Napeoleon/Josephine. The man could conquer continents and write a pretty beautiful love letter and he wrote many.

“I hope before long to crush you in my arms and cover you with a million kisses burning as though beneath the equator.”

Seriously, who writes like that any more? When he wasn’t slaughtering peasants, his pen was dripping with love.

This package had a perfect reproduction of an imperfect handwritten letter on rag paper with blobs of ink, folded correctly and sealed with wax. Inside the box were real rose petals, a small bottle of ink and a genuine hand made quill pen.

One of his letters to her was captured by the British and published in the papers and his love was certainly full of issues, mistresses and angst, but when he was on, he was on.

The Mattress Seller of Hammurabi. Again, don’t ask me how I found this, but I came across a record of a clay tablet from a woman who owned a mattress company in Hammurabi around 1700BC. She’d written the tablet to a customer in another town who was unhappy with the purchase. She’d sent the tablet with a messenger and “gifts of fruit and nuts” to make amends for the customer service issue.

I reproduced the tablet in clay from an image of the original and had it used as a mold for a plastic reproduction and sent his out with a full translation.

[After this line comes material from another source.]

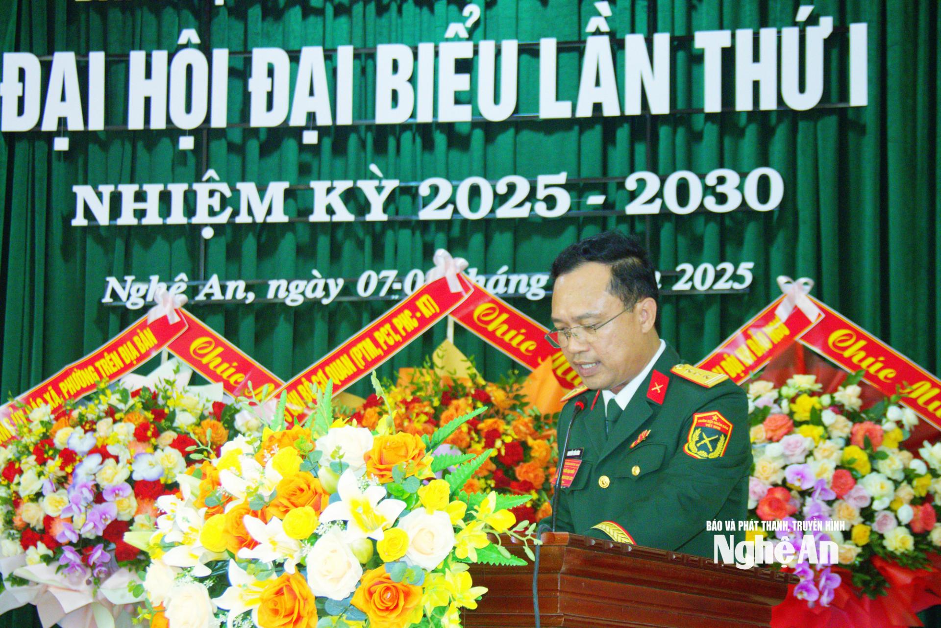 Dự và chỉ đạo Đại hội có Đại tá Nguyễn Văn An – Phó Bí thư Đảng uỷ, Chính uỷ Bộ Chỉ huy Quân sự tỉnh Nghệ An.

Customer service isn’t a new concept and a personal touch is key.

The upside of this unique campaign was some great new clients and we won a Best in Show John Caples Award and I got a job offer and moved away to Austin, Texas and now I’m sitting on the back deck writing this imperfect story about imperfect shoes and the power of our own imperfections.

And I play in a band every Friday night with a group of amazing musicians and we’ve never practiced, we’ve never had a set list and every night we play songs we’ve never played before. We create new music on the spot and nobody cares about perfection.

Each night is unique and will never happen again and it’s beautiful.

We throw ourselves off the mountain and somehow manage to dance our way down and everyone watching has a big smile on their face because of the imperfect human expression that somehow falls into place. The joy and the emotion mean much more than perfection.

Those shoes got lost somewhere in life, but they still inspire me that a little piece of human imperfection managed to escape the machinery and delight someone a world away.